Exercise: Stop after the line that contains "Tästä juuri kunnostetut". Until then, retype each line of the entries exactly from the first one, skipping pictures.

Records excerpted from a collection
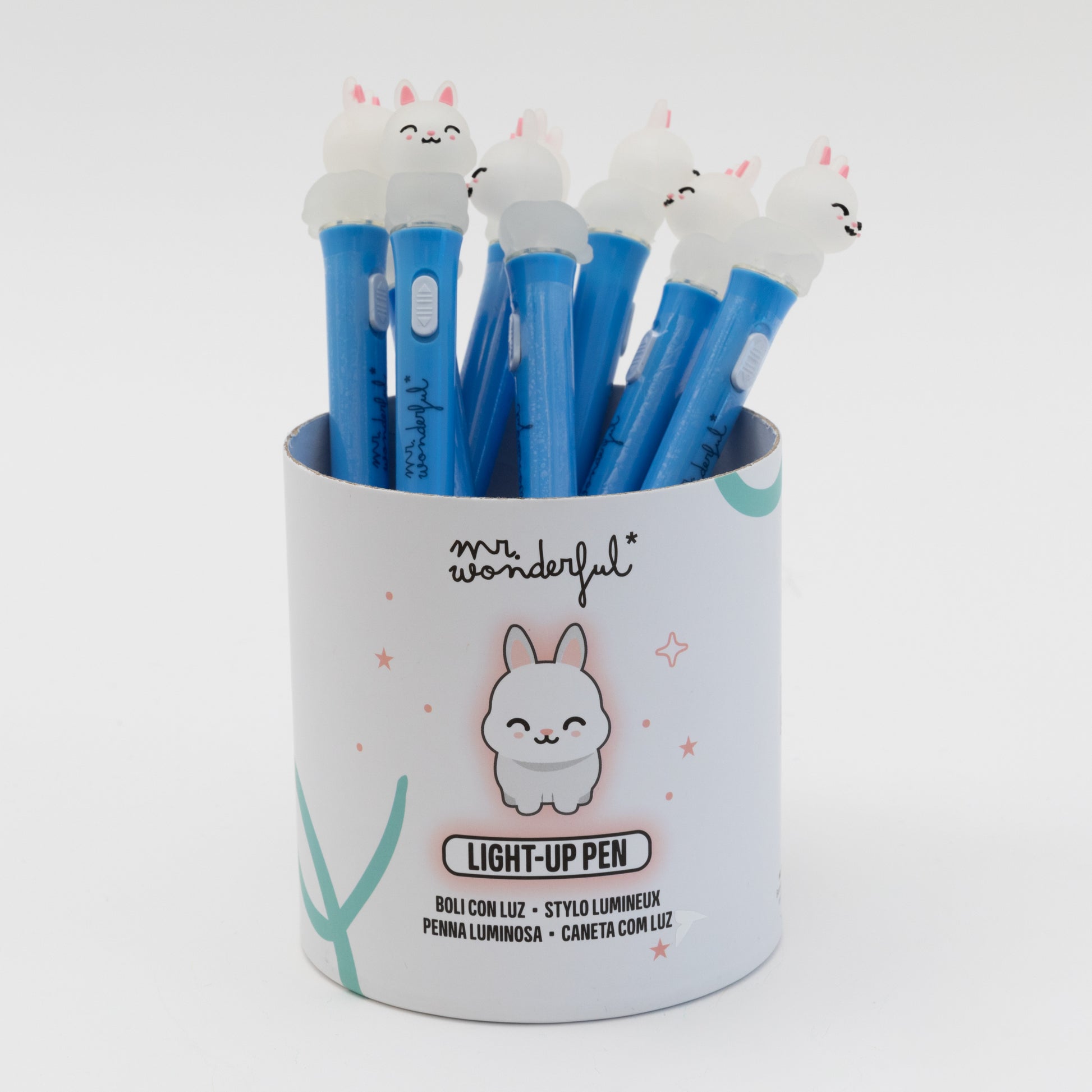 Caneta com uma pequena luz, incorpora um coelho Mr. Wonderful em sua
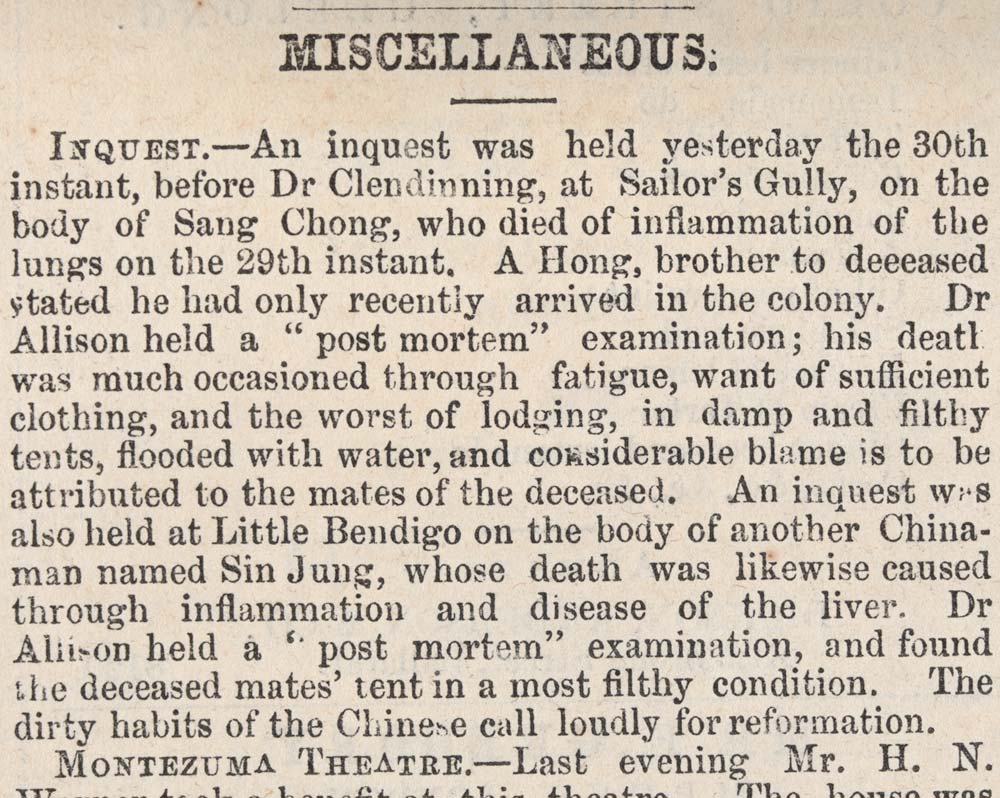 The disparaging tone of this news article provides an indication of the European sentiment towards the Chinese miners on the goldfields.
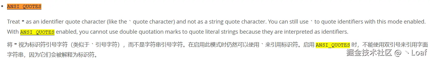 表名被双引号括起来的原因是SQL_MODE中的 ANSI_QUOTES 引起的:dev.mysql.com/doc/refman/…
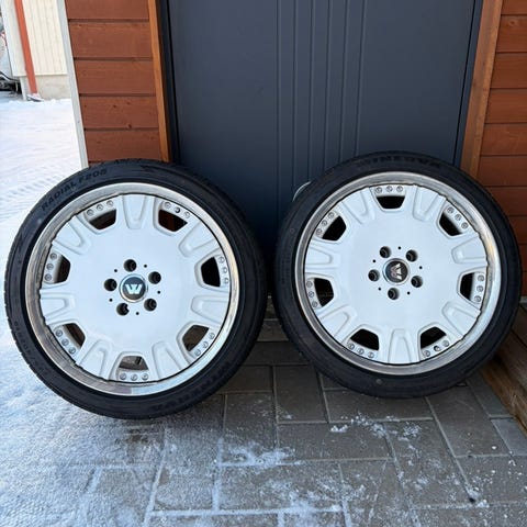Tästä juuri kunnostetut aidot 3 osaiset koottavat workit. Lipat kiillotettu ja keskiöt pulverimaalattu. Vanteet kasattu uusilla pulteilla. 5x120 20" 8,5/9,5 et 37/42. Tarkoitus oli tilata leveämmät lipat ja laittaa omaan autoon alle mutta tuli suunnitelmiin muutos niin laitetaan seuraavalle erittäin hienot vanteet. Jos on pakko jotain vaihdossa tyrkyttää niin 20" 5x120 tai 5x108 vanteita.
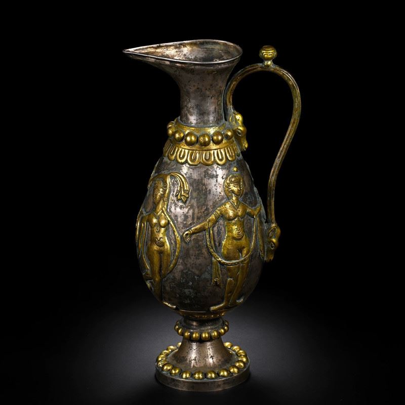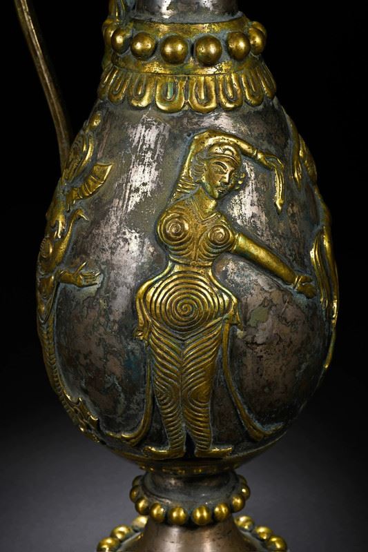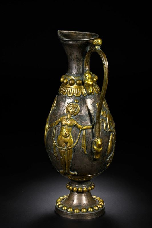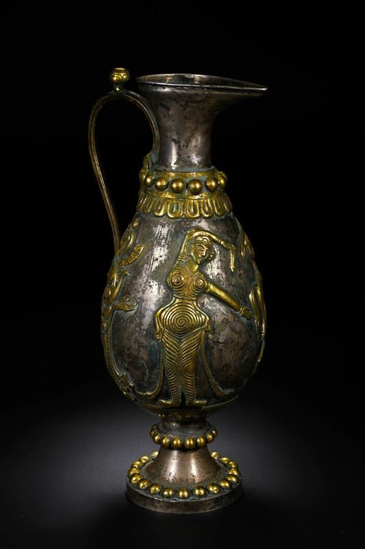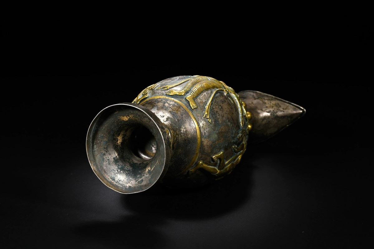 This wine pot blends the unique elements of Tang Dynasty and Persian culture, showcasing exquisite gilded silver craftsmanship. The intricate carvings on the pot and the Persian-style patterns reflect the exchange and fusion of Eastern and Western cultures. The smooth lines of the pot, combined with the metallic sheen and detailed decorations, demonstrate the Tang artisans' pursuit of precision and artistic perfection. This wine pot not only symbolizes the lifestyle of Tang aristocracy but also highlights the deep connection between Persian and Chinese cultures.

Result below:
 Caneta com uma pequena luz, incorpora um coelho Mr. Wonderful em sua
 The disparaging tone of this news article provides an indication of the European sentiment towards the Chinese miners on the goldfields.
 表名被双引号括起来的原因是SQL_MODE中的 ANSI_QUOTES 引起的:dev.mysql.com/doc/refman/…
Tästä juuri kunnostetut aidot 3 osaiset koottavat workit. Lipat kiillotettu ja keskiöt pulverimaalattu. Vanteet kasattu uusilla pulteilla. 5x120 20" 8,5/9,5 et 37/42. Tarkoitus oli tilata leveämmät lipat ja laittaa omaan autoon alle mutta tuli suunnitelmiin muutos niin laitetaan seuraavalle erittäin hienot vanteet. Jos on pakko jotain vaihdossa tyrkyttää niin 20" 5x120 tai 5x108 vanteita.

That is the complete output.